Implementation of n-Stage Transfer
A proposal for Google Summer of Code 2009
Pranava Swaroop, March 2009
Partial parsing technique tries to grasp the syntactic information reliably and efficiently without digging deep into the analysis. The technique is tested for its robustness and speed. It is basically controlled by a cascade of finite-state automata which consists of a pipeline of recognizers. There have been several implementations of partial parsing including Cass - a fast, robust partial parser, Mirine 2.2 - a Korean grammar-checker and APOLN - a partial parser of unrestricted natural language sentences. These implementations (especially the latter) have shown that partial parsers can be used to resolve treatment of less related languages. Therefore its implementation would be quite beneficial for Apertium. This document describes a novel implementation of the partial parser which would improve the treatment of less related languages and allow for more complex verb movement and proposes the funding of the project through Google Summer of Code 2009 program as a part of Apertium.
A partial parser uses 'semi-deterministic' robust parsing algorithms which permit the analysis of unrestricted texts. It works with simple grammars, which are usually defined with regular patterns. The output of the parser is a complete analysis tree. Partial parsers recognize phrase boundaries mainly on the basis of cues provided by the local contexts. Regardless of whether or not abstractions such as phrases occur in the model, most of the relevant information is contained directly in the sequence of words and part-of-speech tags to be processed.
A partial parser is mostly controlled by a cascaded set of finite state automata, hence forth it is described by a number of levels. In this finite state cascade, a genuine recursion is not possible. The whole strategy is based on "simple-first-parsing", as put by Steven Abney, we make easy calls first, whittling away at the harder decisions in the process.

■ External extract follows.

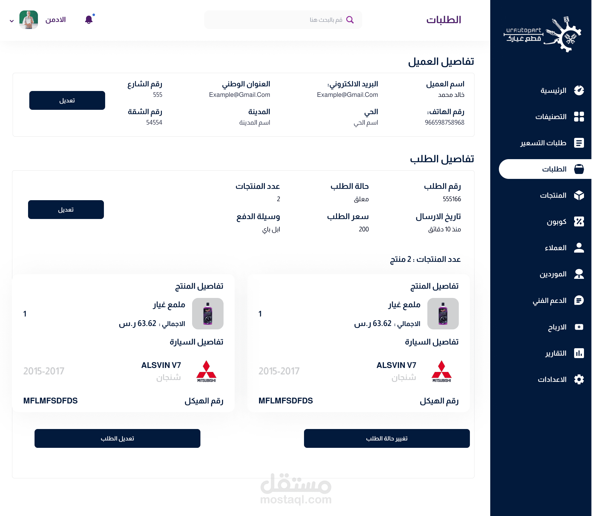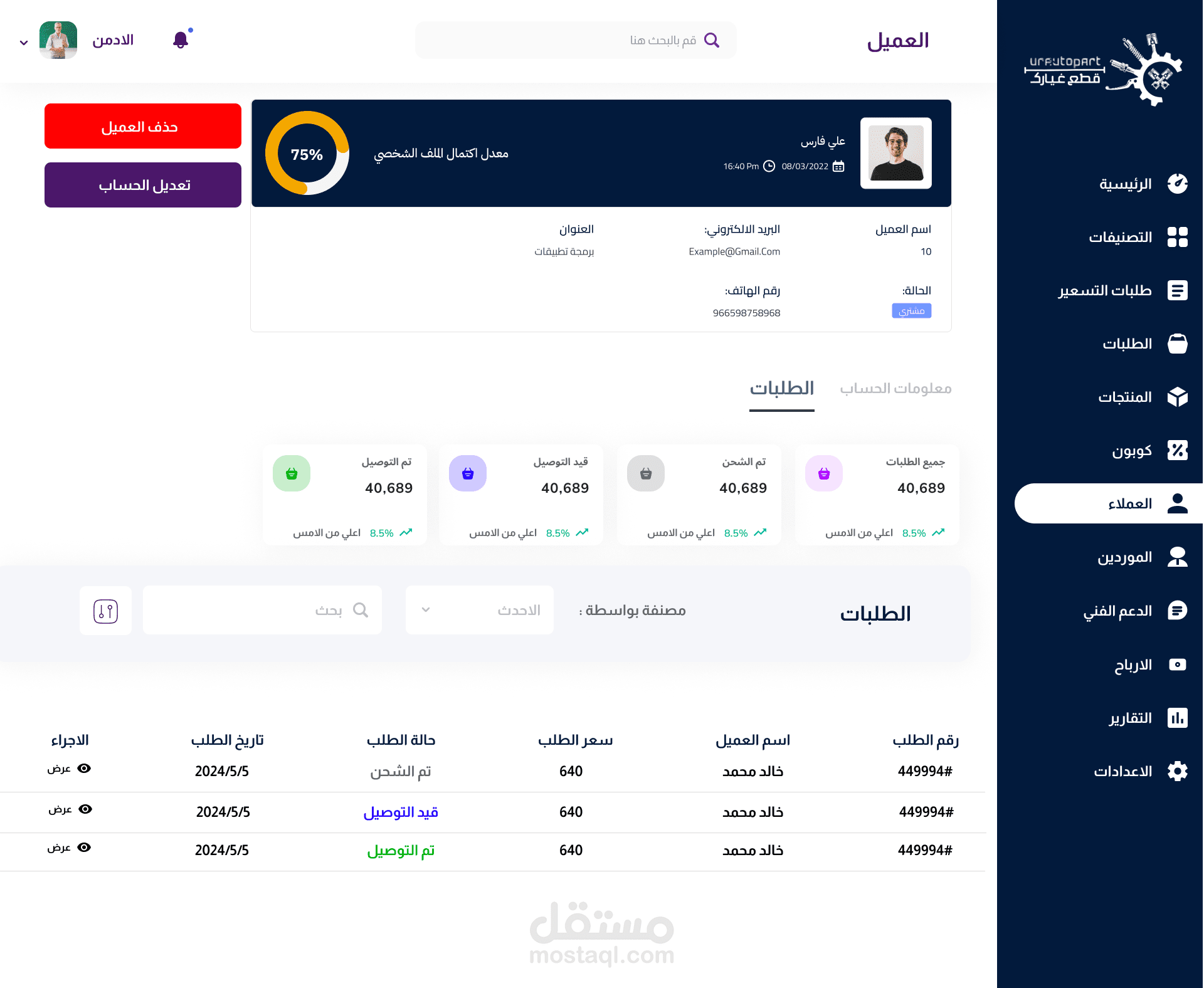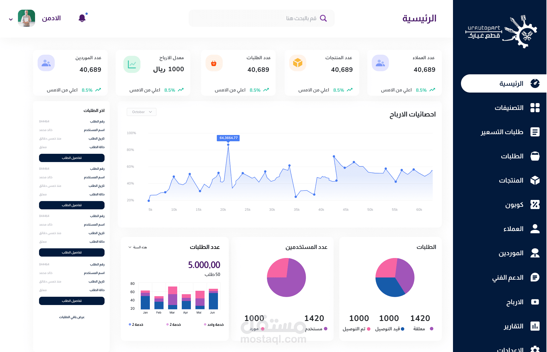 كمصمم محترف في واجهات المستخدم وتجربة المستخدم (UI/UX)، قمت بتطوير داشبورد مخصص لإدارة تطبيق قطع الغيار، يوفر للمستخدمين أدوات قوية لإدارة المخزون، ومراقبة الطلبات، وتحليل البيانات بكل سهولة وفعالية. يهدف الداشبورد إلى تحسين عمليات الإدارة وتعزيز الكفاءة التشغيلية.

Present Status of Apertium
Apertium structural transfer uses finite-state pattern matching to detect, in the usual left-to-right, longest-match way, fixed-length patterns of lexical forms to process and performs the corresponding transformations. A shallow-transfer rule consists of a sequence of lexical forms to detect and the transformations that have to be applied to them. Apertium currently has between one and three stages of transfer. This may not be favorable for translation of distant languages. The joining or in other words merging of chunks, which also involves the Verb movement is restricted. I have realized this after working on the transfer rules and inter-chunk transfer rules.